What are jump and link and jump register?

Answer 54

Procedure call: jump + link. Puts address of following instruction in X30/LR, jump to target address. Procedure return: jump reg. Copies LR to PC. PC is reg with address of instruction in program being executed.

Question 55

What are the registers reserved on procedure calls?

Answer 55

Regs reserved on procedure calls: X9 – X17 (Temp regs, not preserved by callee (called procedure) on procedure call). X19 – X28 (saved regs, must be preserved on procedure call, if used, callee saves + restores them) Only 8 regs need for parameters X0 – X7. If need more, spill registers for mem.

Question 56

What is the data structure for spilling registers?

Answer 56

Data structure for spilling regs: Stack (LIFO queue, last in, first out), stack pointer (SP, X28, points most recently allocated address in stack), push (adds element to stack), pop (removes element from stack), stack grows from higher to lower addresses.
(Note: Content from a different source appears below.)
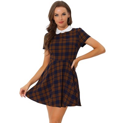 Allegra K Women's Contrast Peter Pan Collar Floral Long Sleeve Mini Dress

Stack also used for procedure local variables not stored in regs (local arrays, structures).

Question 57

What is a procedure frame?

Answer 57

Procedure frame: segment of stack containing procedure’s saved regs + local variables, frame pointer (FP, X29, points first doubleword of PF).

Question 58

What is the memory layout?

Answer 58

Memory layout : Text (program code), static data (global variables e.g. string), dynamic heap (heap e.g. new), stack (automatic storage).